The mechanisms that lead to differential induction of the p19ARF-p53 axis in early lung and pancreatic tumours remain unclear. In lung cancer, it is thought that enhanced oncogenic stress through Kras amplification and hyperactivation of the mitogen-activated protein kinase pathway may trigger p19ARF expression14,15. In contrast, Kras amplification is rarely observed in pancreatic cancer. Instead, activation of the phosphatidylinositol 3-kinase pathway downstream of oncogenic Kras may play a greater role in activating p19ARF during pancreatic tumorigenesis. Indeed, mutant PIK3CAH1047R expression in the pancreas phenocopies oncogenic Kras in terms of tumour progression and p19ARF expression38. In addition, Cre-mediated deletion of the PI3K effector Pdk1 in Kras-initiated pancreatic tumours reduces the induction of p19ARF38. Alternatively, tissue-specific mediators of ARF induction could also explain the differences in ARF expression between Kras-driven lung and pancreatic tumours. These include additional signalling pathways (for example, Notch39), epigenetic modifiers (for example, Bmi1 (ref. 28)) and transcription factors (for example, Dmp1 (ref. 40), AP-1 (ref. 41) and STAT3 (ref. 42)). Nonetheless, the capacity of Pdx1-Cre; LSL-KrasG12D/KrasWT mice to initiate tumours and develop high-grade pancreatic lesions despite wild-type p53 and intact p19ARF expression (Fig. 9c) supports the existence of non-genetic mechanisms to evade p19ARF-p53-mediated tumour suppression.

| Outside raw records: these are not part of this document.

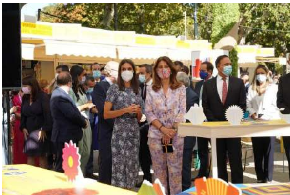
S.M. la Reina Doña Letizia visita el Pabellón Colombia en la Feria del Libro de Madrid 2021.

Durante 17 días , Colombia fue el invitado de honor en la 80ª versión de la Feria del Libro de Madrid, visitada por más de 300 mil personas. El Pabellón Colombia, ubicado estratégicamente a la entrada principal de la Feria, se constituyó en un espacio de encuentro entre los visitantes en el cual, mientras disfrutaban de una taza de café colombiano, pudieron acercarse a la diversidad geográfica, biológica, lingüística y cultural del país.
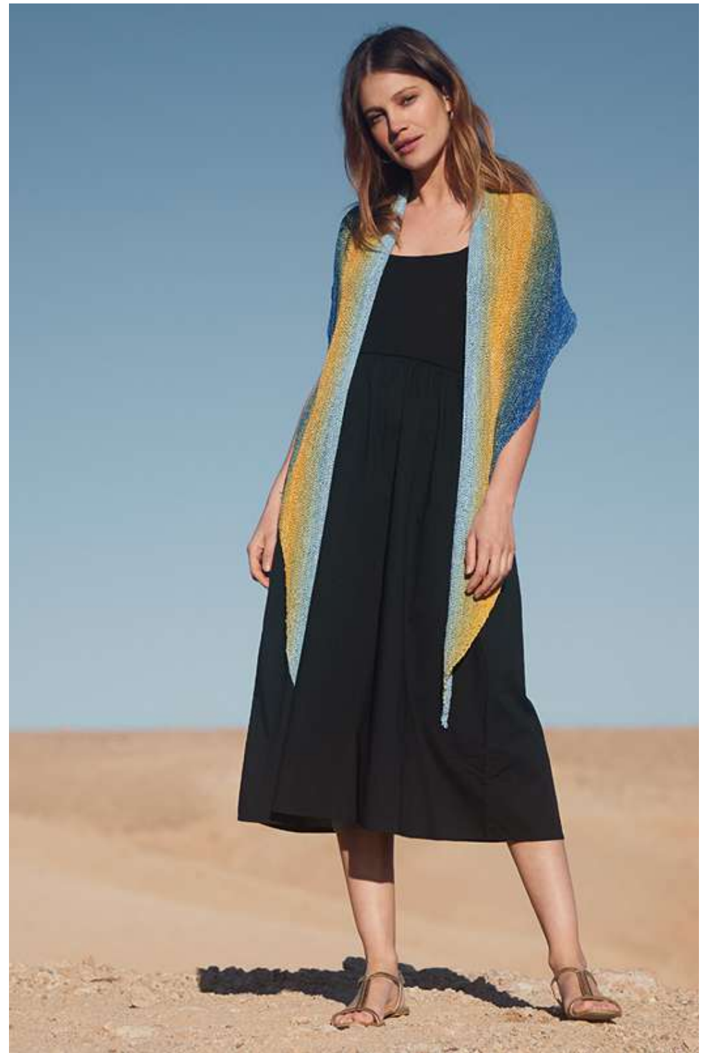
06 + 07 – Gomitolo SOLE
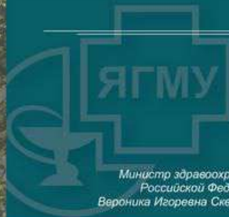
Министр здравоохранения Российской Федерации Вероника Игоревна Скворцова
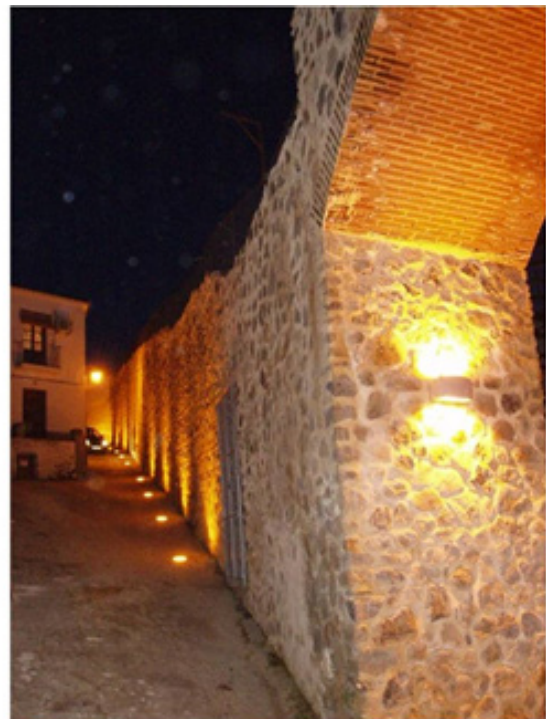
Fig. 1. Vista del antes y después de la intervención en la muralla.
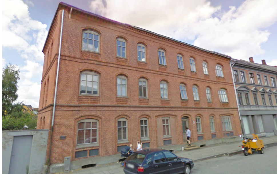
Gormsgade 7 - fotograf: Teknik & Miljø 2006
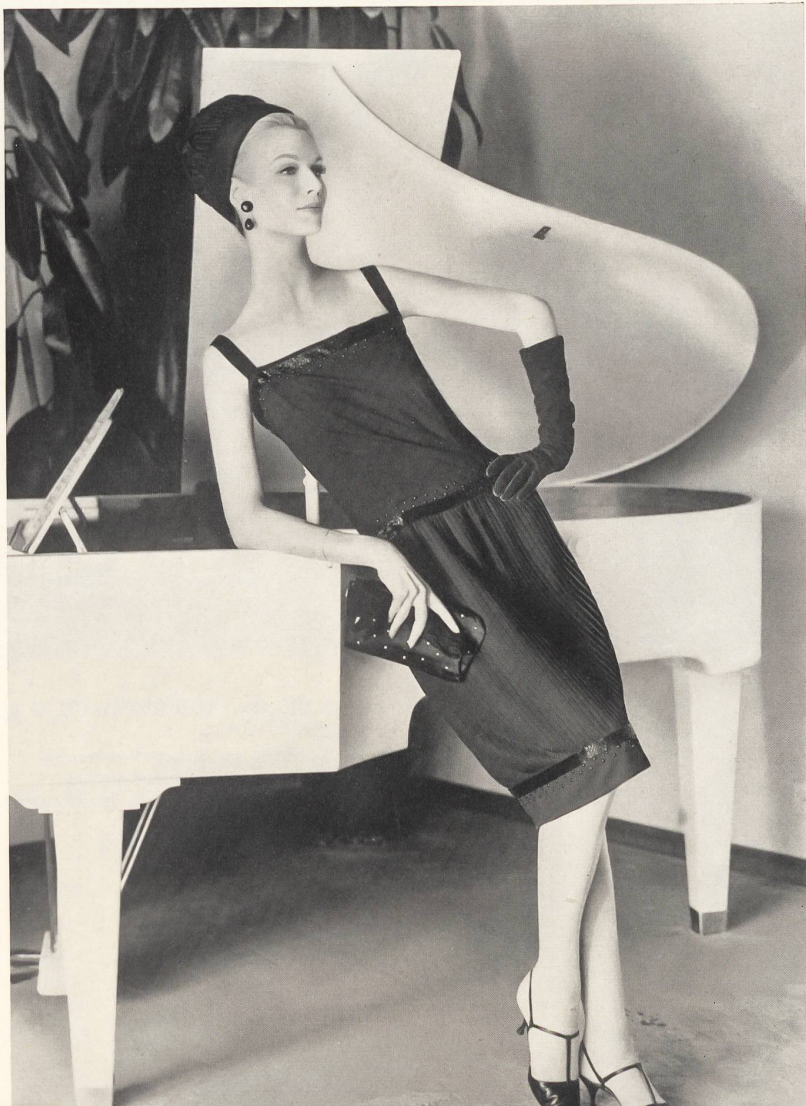
HEER & CIE S.A., THALWIL Crêpe « Derby » Modèle Willy Meyer S.A., Zurich

A better understanding of these mechanisms may offer novel therapeutic approaches to reinforce this tumour suppressive pathway to prevent tumour initiation and progression.

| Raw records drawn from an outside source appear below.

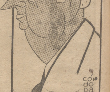
EL CABALLERO AUDAZ

—Espere usted—me dice—, y me dedica un tomo. No quiero
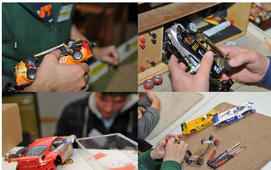
Workshop Szenen aus dem Dezember ...
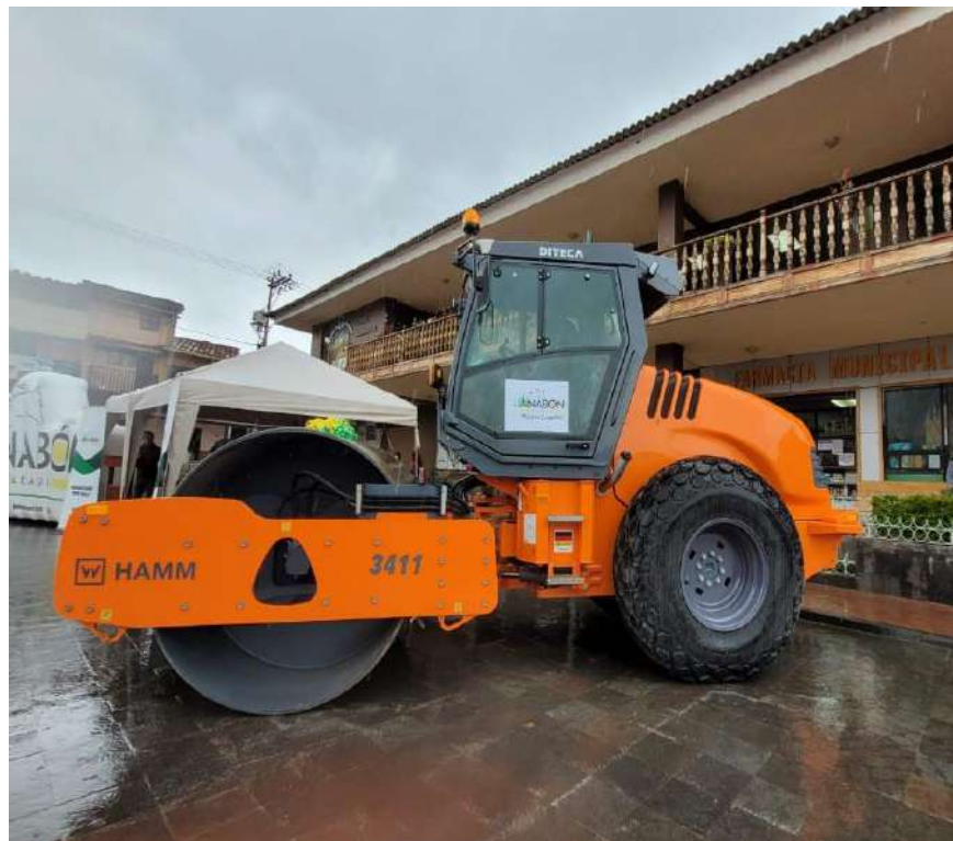
ADQUISICION DE RODILLO LISO VIBRATORIO
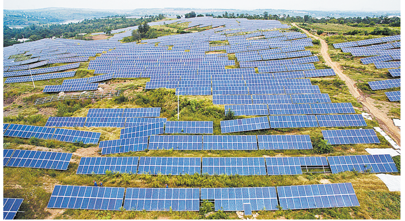
在宝丰县观音堂林店回龙庵村,郑州鑫泰工程建设的100MW光伏电站项目初具规模

位于宝丰县高新技术开发区内的翔隆不锈钢有限公司年产100万吨不锈钢板材项目如今进入了点火试车的倒计时阶段。这个总投资36亿元的项目建成后,将年产热轧不锈钢带钢100万吨,提供就业岗位1000多个,年增加税收2亿元。项目正式达产后,将为宝丰县不锈钢产业链增加关键的一环。 近年来,宝丰县委、县政府确立“依托大企业、做强大产业、延长产业链、建成大市场、形成新优势”的不锈钢产业发展思路,制定“打造千亿产业集群,建设长江以北最大的不锈钢深加工基地”的战略目标,主动加强与中国不锈钢协会、中国一重、中再集团等大企业、大企业的对接,通过承接产业转移,产业招商,促使一批不锈钢项目签约并落地建设。经过几年的发展,占地5000亩(北区2500亩,南区2500亩)的南北不锈钢产业园区已初具规模,基本形成了从研发到冷轧、平整、不锈钢板材及配套管材,到各种高中、低温不锈钢制品乃至废旧不锈钢回收利用,物流交易等为一体的产业链。 以大如拳、拳头强劲的“不锈钢产业”为代表,使宝丰这方创业热土激发出无限的发展潜力。以装备制造为主导的新能源产业亮点纷呈,新兴的现代制造业方兴未艾,通过华丽转型的煤化工等传统工业生机盎然,小微企业异军突起,在如今的父城大地,一派勃勃生机的景象。 平宝一体化的实施,城乡一体化示范区的建设,郑万高铁宝丰段及平顶山站的开工,平顶山轻轨、漯平洛城际铁路的规划,必将拉动宝丰县经济实现跨越发展;一大批重点项目建成投产,30亿元以上项目有序推进,宝丰经济发展的基础更加坚实;沿海地区产业的持续转移,为宝丰承接产业转移、完善产业链条提供了发展机遇,淳朴、勤劳的群众、敬业、包容的干部,各级党组织始终保持着凝聚力、向心力,为加快发展注入了新的活力和持续动力,这些都为宝丰今后的发展积蓄了巨大潜能,也将使这座古老而现代的城市以更加昂扬的姿态,在转型发展的道路上阔步前行。
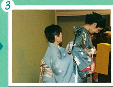
難しいところや後ろ側は先生が直して下さいます。
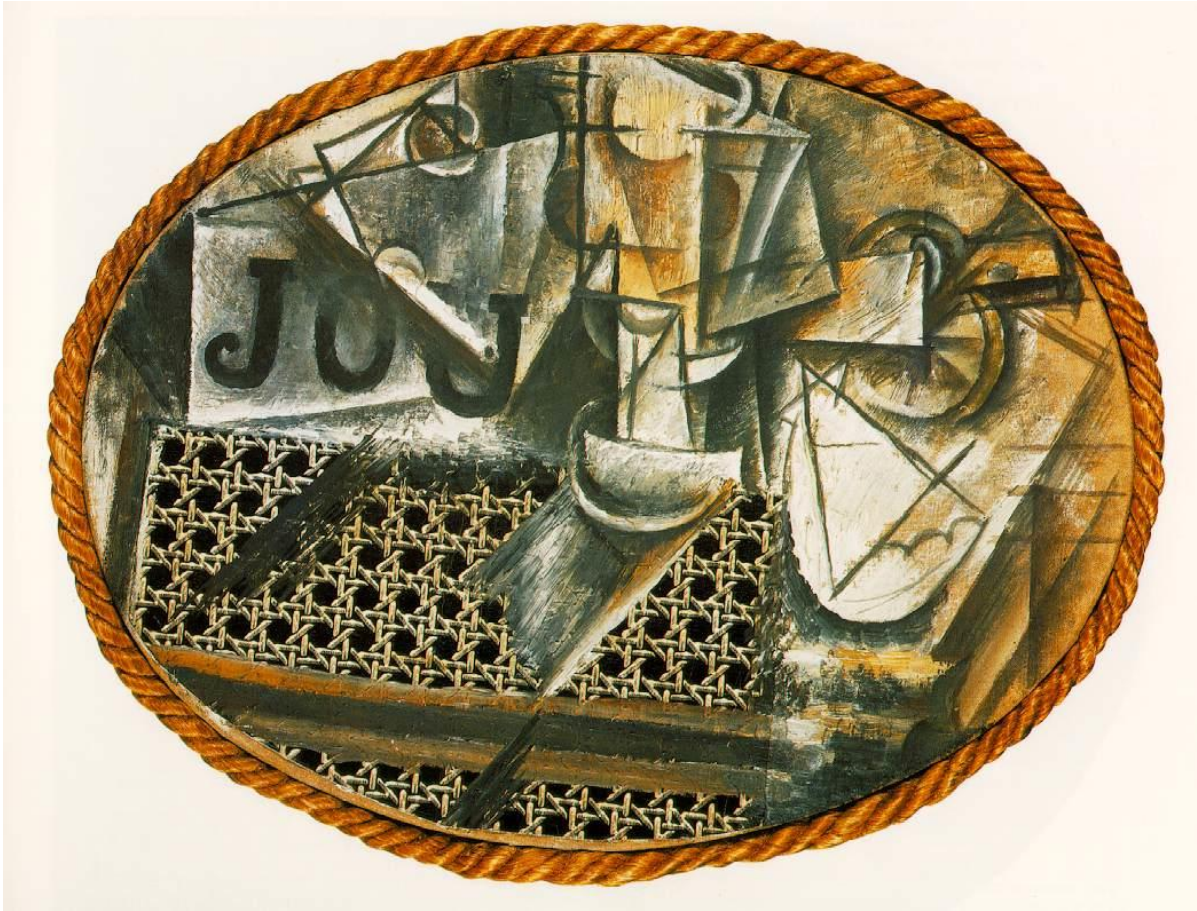
Pablo Picasso, Nature Morte à la chaise cannée, 1912 peinture à l'huile et toile cirée sur toile, corde, 27x35 cm, Musée Picasso, Paris
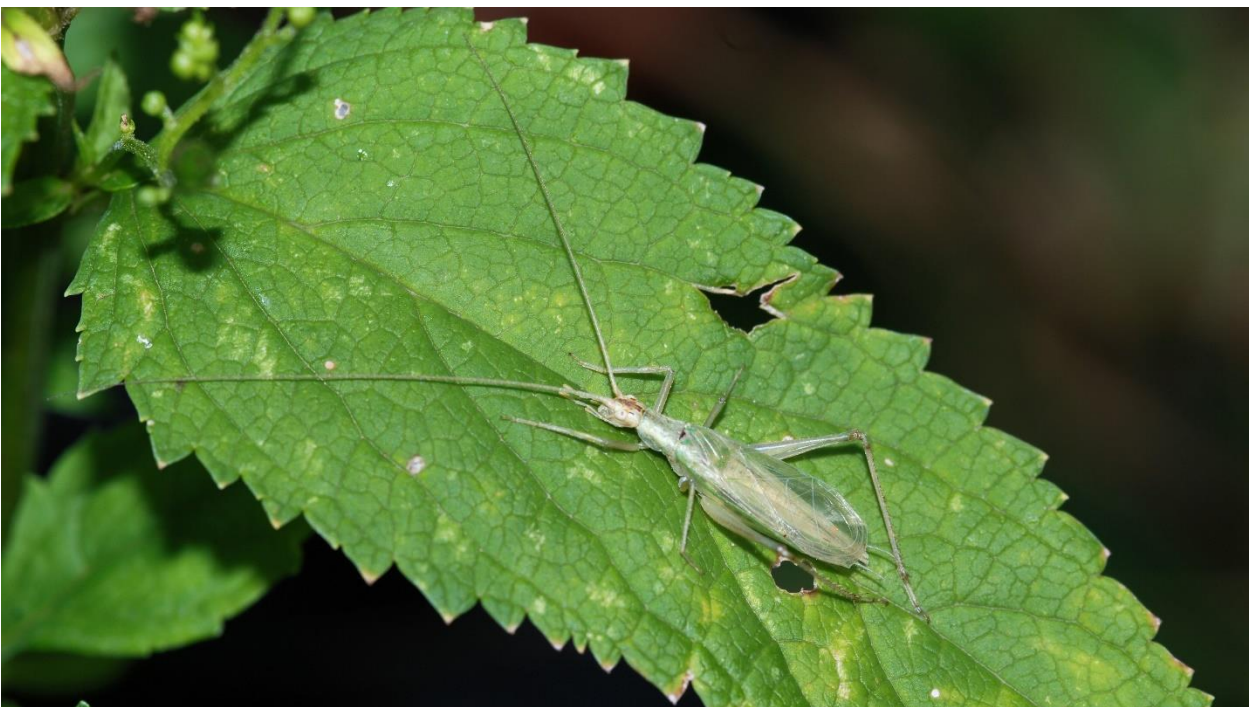
Abb. 3: Männchen von Oecanthus pellucens, Gablitz, Niederösterreich. 26.8.2018.

In addition to our p53-related findings, our results offer the first in vivo experimental evidence of spontaneous intratumoral dispersion of genetically distinct subclones during solid tumour progression. Genomic studies have revealed that most cells within a tumour harbour multiple truncal mutations with subclonal genetic heterogeneity occurring late during tumorigenesis1,4,5,6. How these truncal mutations propagate throughout a tumour remains poorly understood, although a recent computational model predicted intratumoral cell dispersion during tumour growth as a potential mechanism43 and is consistent with our findings. The mechanism that leads to this dispersion phenomenon is unknown. Based on the overall low rates of proliferation in low-grade tumours (Supplementary Fig. 3), we hypothesize that labelled low-grade tumour cells divide at rates comparable to neighbouring unlabelled cells permitting intermingling after several rounds of cell division of both cell types. In contrast, p53KO/KO cells that have progressed to higher grade divide faster than surrounding cells, allowing them to form more localized clusters. Alternative potential mechanisms for subclonal cell dispersion in early lesions include intratumoral cell migration, competition with neighbouring cells or immune cell clearance. The development of new approaches that permit long-term live in vivo imaging of these tumours could aid in exploring these explanations using these models.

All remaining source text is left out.